§ Exercise details
Every record below should be written out exactly; pictures stay out.

[Entries taken from a collection]
• • • • • • •

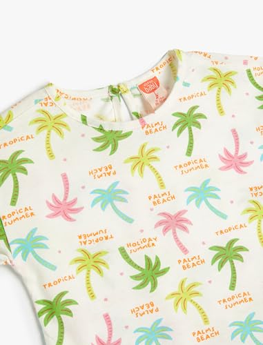 KOTON - KOTON Baby girls Palm Printed Short Sleeve Crew Neck Tshirt
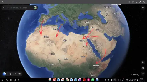 В то время территории Северной, Центральной и Восточной Африки выглядели совершенно не так, как сегодня. Уровень воды в озёрах был выше современного на несколько десятков метров, русла рек также были иными. Озеро Туркана в современной Кении имело связь с бассейном Нила. Площадь озера Мегачад достигала около 400 тыс. км², то есть было больше, чем современное Каспийское море, а его уровень на целых 30 м выше современного. Было множество и других рек и озёр, выявить которые помогла съёмка из космоса. Вся эта территория была саванной. Здесь водились слоны, жирафы и другие животные, которые сегодня ушли от пустыни к югу.
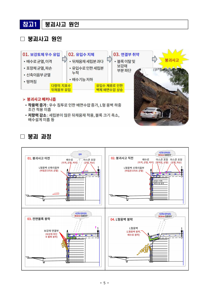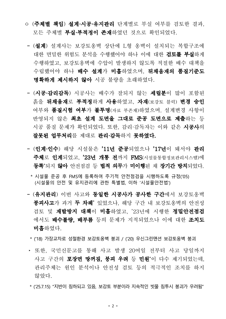 - 1 - 보도자료 보도시점 : 2026. 2. 26.(목) 10:30 이후(2. 26.(목) 석간) / 배포 : 2026. 2. 25.(수) 오산 보강토옹벽 붕괴사고 조사 결과 - 설계, 시공, 유지관리 전 단계에 걸친 복합 부실이 붕괴 원인 - 보강토옹벽 건설기준 개선, 유지관리체계 강화 등 고강도 재발방지대책 마련☐ 국토교통부(장관 김윤덕)는 지난 7월 16일 경기 오산시 가장동에서 발생한 보강토옹벽 붕괴사고* 관련, 중앙시설물사고조사위원회(위원장 계명대학교 권오균 교수, 이하 사조위)의 사고조사 결과와 함께 유사사고 재발방지대책을 발표하였다. * ‘25.7.16(수) 19:04경 경기 오산시 가장동 보강토옹벽(L=338m, H=10.1m)이 붕괴(약 40m)되어 차량 2대 매몰(1명 사망, 1명 부상) ☐ 사조위는 엄정한 사고조사를 위하여 학계·업계 등 각 분야 민간 전문가 10명으로 구성하였다. 객관적인 원인 규명을 위해 △현장조사, △설계도서등 관련 자료 검토, △사고 관계자 청문, △외부 용역을 통한 지반조사및 품질시험 등을 포함하여 7개월간(’25.7.21~’26.2.20) 총 21회의 위원회 회의를 진행하였다. ☐ 사조위는 보강토옹벽으로 유입된 다량의 빗물이 제대로 배수되지 못해보강토옹벽에 작용하는 압력(수압)이 가중되어 붕괴가 발생한 것으로 판단하였으며, 이는 설계·시공·유지관리 전 단계에 걸친 부실이 복합적으로 작용한 결과로 보았다. ㅇ (붕괴 원인) 보강토옹벽 상부에 있는 배수로와 포장면의 균열을 통해 보강토옹벽으로 빗물이 지속적으로 유입되어 뒤채움재*가 약화되었고, 보강토옹벽 상단에 설치된 L형 옹벽이 침하되면서 포장면 땅꺼짐과 균열이 발생하였다. 사고 직전 시간당 39.5mm의 집중호우에 의하여 균열과 땅꺼짐 부위로 빗물 유입이 증가하였으며, 이 유입수가 제대로 배수되지 않아 보강토옹벽에 작용하는 압력(수압)이 가중되어 붕괴된 것으로 분석되었다. * (뒤채움재) 보강토옹벽의 뒤쪽 공간을 채우는 흙 - 2 - ㅇ (주체별 책임) 설계·시공·유지관리 단계별로 부실 여부를 검토한 결과, 모든 주체별 부실·부적정이 존재하였던 것으로 확인되었다. - (설계) 설계사는 보강토옹벽 상단에 L형 옹벽이 설치되는 복합구조에 대한 면밀한 위험도 분석을 수행했어야 하나 이에 대한 검토를 부실하게수행하였고, 보강토옹벽에 수압이 발생하지 않도록 적절한 배수 대책을수립했어야 하나 배수 설계가 미흡하였으며, 뒤채움재의 품질기준도 명확하게 제시하지 않아 시공 불량을 초래하였다. - (시공·감리감독) 시공사는 배수가 잘되지 않는 세립분이 많이 포함된 흙을 뒤채움재로 부적정하게 사용하였고, 자재(보강토 블럭) 변경 승인여부와 품질시험 여부가 불투명(자료 부존재)하였으며, 설계변경 사항이 반영되지 않은 최초 설계 도면을 그대로 준공 도면으로 제출하는 등 시공 품질 문제가 확인되었다. 또한, 감리·감독자는 이와 같은 시공사의 잘못된 업무처리를 제대로 관리·감독하지 못하였다. - (인계·인수) 해당 시설물은 ’11년 준공되었으나 ’17년이 돼서야 관리주체로 인계되었고, ’23년 개통 전까지 FMS(시설물통합정보관리시스템)에 등록*되지 않아 안전점검 등 법적 의무가 미이행된 채 장기간 방치되었다. * 시설물 준공 후 FMS에 등록하여 주기적 안전점검을 시행하도록 규정(’05) (시설물의 안전 및 유지관리에 관한 특별법, 이하 ’시설물안전법‘) - (유지관리) 이번 사고와 동일한 시공사가 공사한 구간에서 보강토옹벽 붕괴사고가 과거 두 차례* 있었으나, 해당 구간 내 보강토옹벽의 안전성 검토 및 재발방지 대책이 미흡하였고, ’23년에 시행한 정밀안전점검에서도 배수불량, 배부름 등의 문제가 지적되었으나 이에 대한 조치도 미흡하였다. * (‘18) 가장교차로 성철환경 보강토옹벽 붕괴 / (’20) 우신그린맨션 보강토옹벽 붕괴 또한, 국민신문고를 통해 사고 발생 20여일 전부터 사고 당일까지 사고 구간의 포장면 땅꺼짐, 붕괴 우려 등 민원*이 다수 제기되었는데, 관리주체는 원인 분석이나 안전성 검토 등의 적극적인 조치를 하지 않았다. * (‘25.7.15) “지반이 침하되고 있음, 보강토 부분이라 지속적인 빗물 침투시 붕괴가 우려됨” - 3 - □ 사조위는 재발방지대책으로 △건설기준 개선, △유지관리체계 강화, △보강토옹벽 특별점검 등을 다음과 같이 제안하였다. ㅇ (기준 개선) 금번 사고 발생 시설과 같이 보강토옹벽 위에 L형 옹벽이 설치되는 복합구조에 대해 하중 적용 및 시공 방법 등 설계·시공 기준을 구체적으로 마련하고, 보강토옹벽의 배수로・유공관 등 배수시설 설계기준도 대폭 강화한다. ㅇ (관리 강화) 시설물안전법에서 규정하는 종 시설물이 FMS에 누락되지 않도록, FMS 등록과 설계도서 제출 여부를 주기적으로 점검*하여미등록 시설이 적발되면 이행 명령(국토부)을 통해 등록하도록 하고, 미등록 및 설계도서 미제출 시 제재** 강화를 위해 시설물안전법 시행령개정을 추진한다. * (현행) 관리주체 등록 → (개선) 관리주체 등록 + 국토부가 미등록 여부 점검후 이행명령 ** (현행) 미제출(5백만원이하 과태료), 제출명령 미이행(1년이하 징역 또는 1천만원이하 벌금) - 또한, 동일한 사고 예방을 위해 보강토옹벽에 배부름 현상이
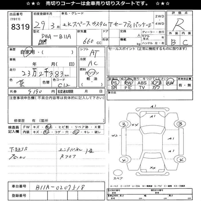 G DBA-B11A 3B20 Full-time 4WD CVT 659cc 49ps(36kW)/6500rpm AИ-92 1 497 960
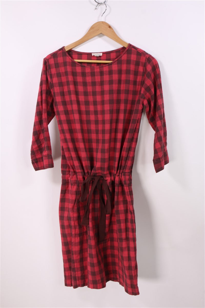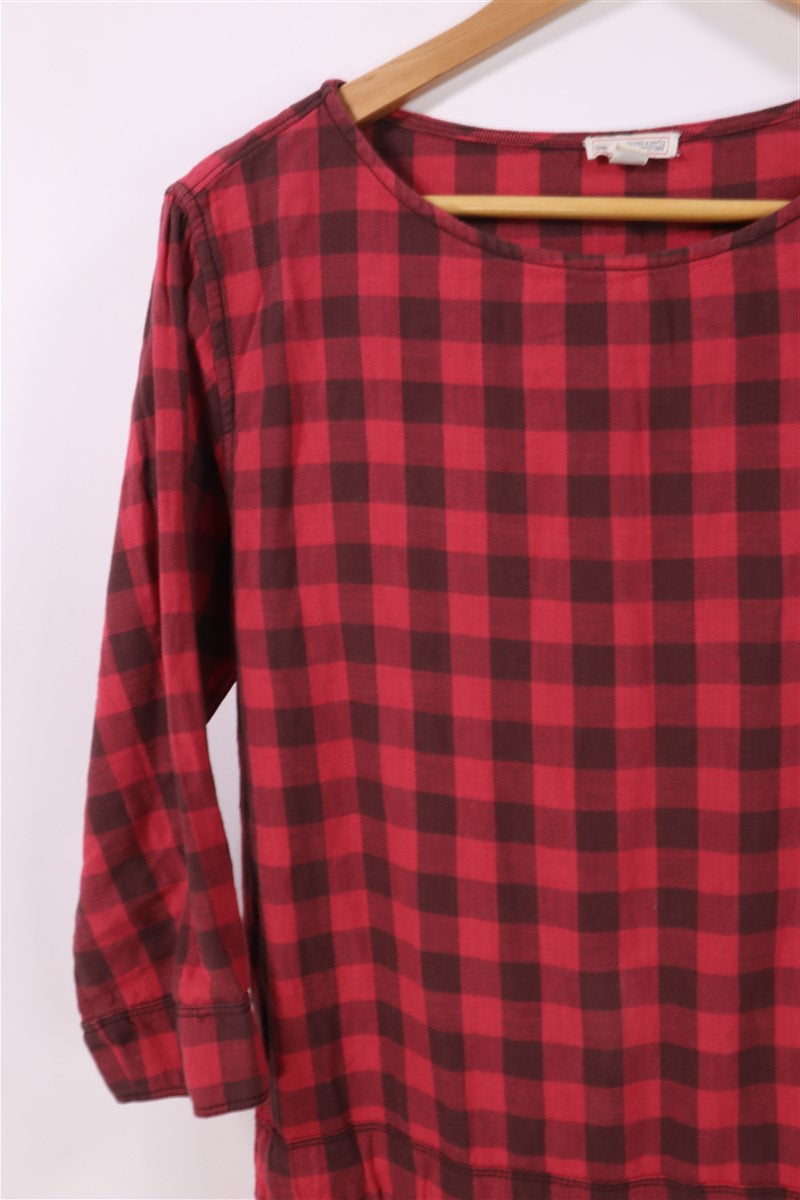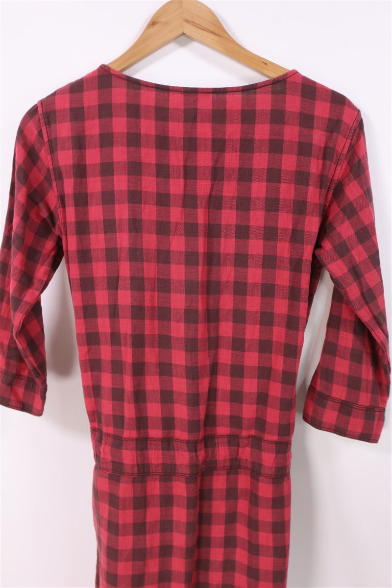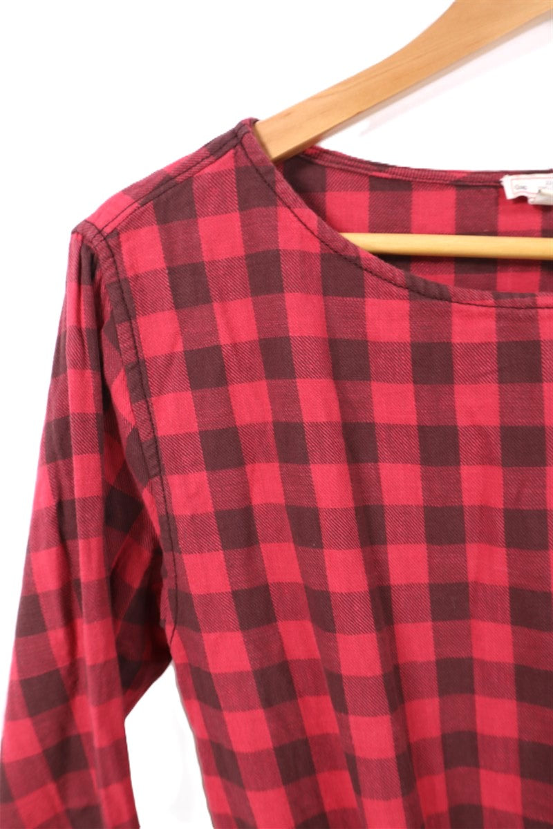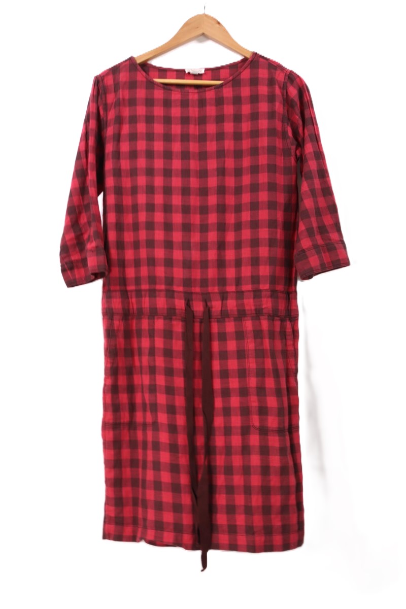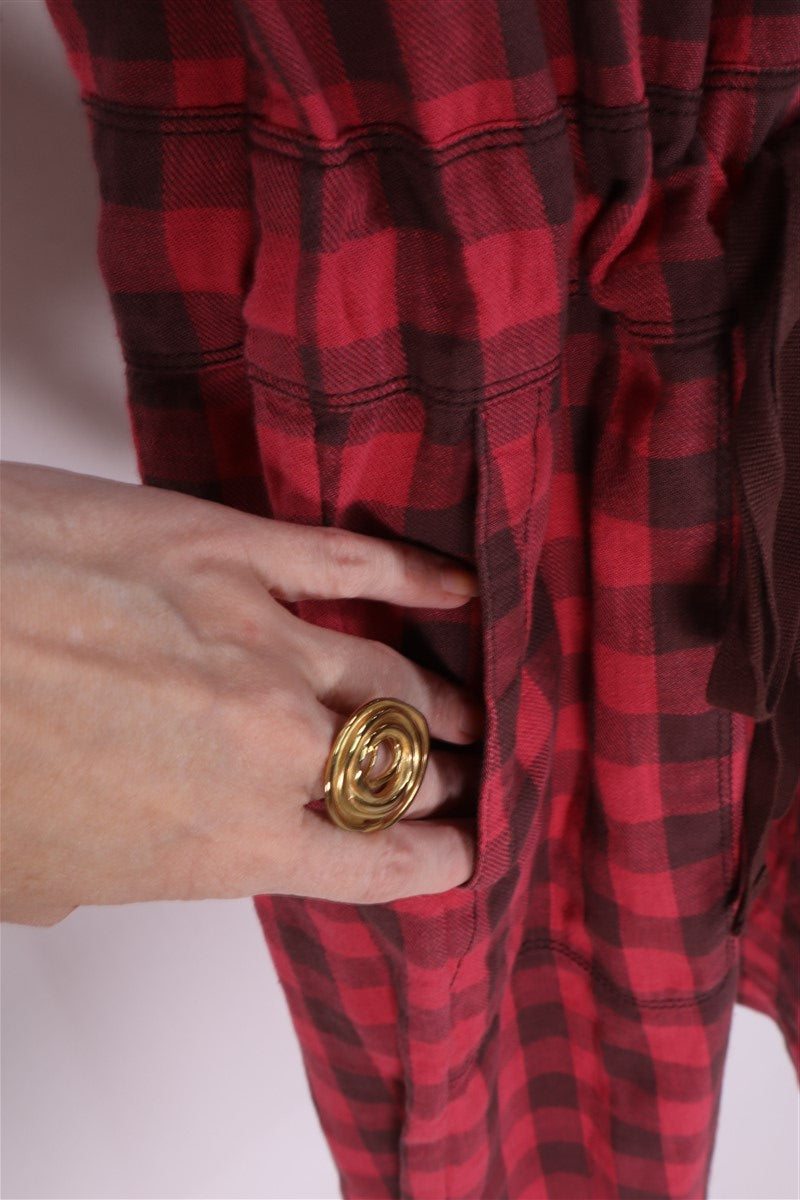 שמלת קזואל בסטייל אוברסייז משבצות באדום בהיר ושחור

• • • • • • •

§ Result of the exercise
 KOTON - KOTON Baby girls Palm Printed Short Sleeve Crew Neck Tshirt
 В то время территории Северной, Центральной и Восточной Африки выглядели совершенно не так, как сегодня. Уровень воды в озёрах был выше современного на несколько десятков метров, русла рек также были иными. Озеро Туркана в современной Кении имело связь с бассейном Нила. Площадь озера Мегачад достигала около 400 тыс. км², то есть было больше, чем современное Каспийское море, а его уровень на целых 30 м выше современного. Было множество и других рек и озёр, выявить которые помогла съёмка из космоса. Вся эта территория была саванной. Здесь водились слоны, жирафы и другие животные, которые сегодня ушли от пустыни к югу.
 - 1 - 보도자료 보도시점 : 2026. 2. 26.(목) 10:30 이후(2. 26.(목) 석간) / 배포 : 2026. 2. 25.(수) 오산 보강토옹벽 붕괴사고 조사 결과 - 설계, 시공, 유지관리 전 단계에 걸친 복합 부실이 붕괴 원인 - 보강토옹벽 건설기준 개선, 유지관리체계 강화 등 고강도 재발방지대책 마련☐ 국토교통부(장관 김윤덕)는 지난 7월 16일 경기 오산시 가장동에서 발생한 보강토옹벽 붕괴사고* 관련, 중앙시설물사고조사위원회(위원장 계명대학교 권오균 교수, 이하 사조위)의 사고조사 결과와 함께 유사사고 재발방지대책을 발표하였다. * ‘25.7.16(수) 19:04경 경기 오산시 가장동 보강토옹벽(L=338m, H=10.1m)이 붕괴(약 40m)되어 차량 2대 매몰(1명 사망, 1명 부상) ☐ 사조위는 엄정한 사고조사를 위하여 학계·업계 등 각 분야 민간 전문가 10명으로 구성하였다. 객관적인 원인 규명을 위해 △현장조사, △설계도서등 관련 자료 검토, △사고 관계자 청문, △외부 용역을 통한 지반조사및 품질시험 등을 포함하여 7개월간(’25.7.21~’26.2.20) 총 21회의 위원회 회의를 진행하였다. ☐ 사조위는 보강토옹벽으로 유입된 다량의 빗물이 제대로 배수되지 못해보강토옹벽에 작용하는 압력(수압)이 가중되어 붕괴가 발생한 것으로 판단하였으며, 이는 설계·시공·유지관리 전 단계에 걸친 부실이 복합적으로 작용한 결과로 보았다. ㅇ (붕괴 원인) 보강토옹벽 상부에 있는 배수로와 포장면의 균열을 통해 보강토옹벽으로 빗물이 지속적으로 유입되어 뒤채움재*가 약화되었고, 보강토옹벽 상단에 설치된 L형 옹벽이 침하되면서 포장면 땅꺼짐과 균열이 발생하였다. 사고 직전 시간당 39.5mm의 집중호우에 의하여 균열과 땅꺼짐 부위로 빗물 유입이 증가하였으며, 이 유입수가 제대로 배수되지 않아 보강토옹벽에 작용하는 압력(수압)이 가중되어 붕괴된 것으로 분석되었다. * (뒤채움재) 보강토옹벽의 뒤쪽 공간을 채우는 흙 - 2 - ㅇ (주체별 책임) 설계·시공·유지관리 단계별로 부실 여부를 검토한 결과, 모든 주체별 부실·부적정이 존재하였던 것으로 확인되었다. - (설계) 설계사는 보강토옹벽 상단에 L형 옹벽이 설치되는 복합구조에 대한 면밀한 위험도 분석을 수행했어야 하나 이에 대한 검토를 부실하게수행하였고, 보강토옹벽에 수압이 발생하지 않도록 적절한 배수 대책을수립했어야 하나 배수 설계가 미흡하였으며, 뒤채움재의 품질기준도 명확하게 제시하지 않아 시공 불량을 초래하였다. - (시공·감리감독) 시공사는 배수가 잘되지 않는 세립분이 많이 포함된 흙을 뒤채움재로 부적정하게 사용하였고, 자재(보강토 블럭) 변경 승인여부와 품질시험 여부가 불투명(자료 부존재)하였으며, 설계변경 사항이 반영되지 않은 최초 설계 도면을 그대로 준공 도면으로 제출하는 등 시공 품질 문제가 확인되었다. 또한, 감리·감독자는 이와 같은 시공사의 잘못된 업무처리를 제대로 관리·감독하지 못하였다. - (인계·인수) 해당 시설물은 ’11년 준공되었으나 ’17년이 돼서야 관리주체로 인계되었고, ’23년 개통 전까지 FMS(시설물통합정보관리시스템)에 등록*되지 않아 안전점검 등 법적 의무가 미이행된 채 장기간 방치되었다. * 시설물 준공 후 FMS에 등록하여 주기적 안전점검을 시행하도록 규정(’05) (시설물의 안전 및 유지관리에 관한 특별법, 이하 ’시설물안전법‘) - (유지관리) 이번 사고와 동일한 시공사가 공사한 구간에서 보강토옹벽 붕괴사고가 과거 두 차례* 있었으나, 해당 구간 내 보강토옹벽의 안전성 검토 및 재발방지 대책이 미흡하였고, ’23년에 시행한 정밀안전점검에서도 배수불량, 배부름 등의 문제가 지적되었으나 이에 대한 조치도 미흡하였다. * (‘18) 가장교차로 성철환경 보강토옹벽 붕괴 / (’20) 우신그린맨션 보강토옹벽 붕괴 또한, 국민신문고를 통해 사고 발생 20여일 전부터 사고 당일까지 사고 구간의 포장면 땅꺼짐, 붕괴 우려 등 민원*이 다수 제기되었는데, 관리주체는 원인 분석이나 안전성 검토 등의 적극적인 조치를 하지 않았다. * (‘25.7.15) “지반이 침하되고 있음, 보강토 부분이라 지속적인 빗물 침투시 붕괴가 우려됨” - 3 - □ 사조위는 재발방지대책으로 △건설기준 개선, △유지관리체계 강화, △보강토옹벽 특별점검 등을 다음과 같이 제안하였다. ㅇ (기준 개선) 금번 사고 발생 시설과 같이 보강토옹벽 위에 L형 옹벽이 설치되는 복합구조에 대해 하중 적용 및 시공 방법 등 설계·시공 기준을 구체적으로 마련하고, 보강토옹벽의 배수로・유공관 등 배수시설 설계기준도 대폭 강화한다. ㅇ (관리 강화) 시설물안전법에서 규정하는 종 시설물이 FMS에 누락되지 않도록, FMS 등록과 설계도서 제출 여부를 주기적으로 점검*하여미등록 시설이 적발되면 이행 명령(국토부)을 통해 등록하도록 하고, 미등록 및 설계도서 미제출 시 제재** 강화를 위해 시설물안전법 시행령개정을 추진한다. * (현행) 관리주체 등록 → (개선) 관리주체 등록 + 국토부가 미등록 여부 점검후 이행명령 ** (현행) 미제출(5백만원이하 과태료), 제출명령 미이행(1년이하 징역 또는 1천만원이하 벌금) - 또한, 동일한 사고 예방을 위해 보강토옹벽에 배부름 현상이
 G DBA-B11A 3B20 Full-time 4WD CVT 659cc 49ps(36kW)/6500rpm AИ-92 1 497 960
 שמלת קזואל בסטייל אוברסייז משבצות באדום בהיר ושחור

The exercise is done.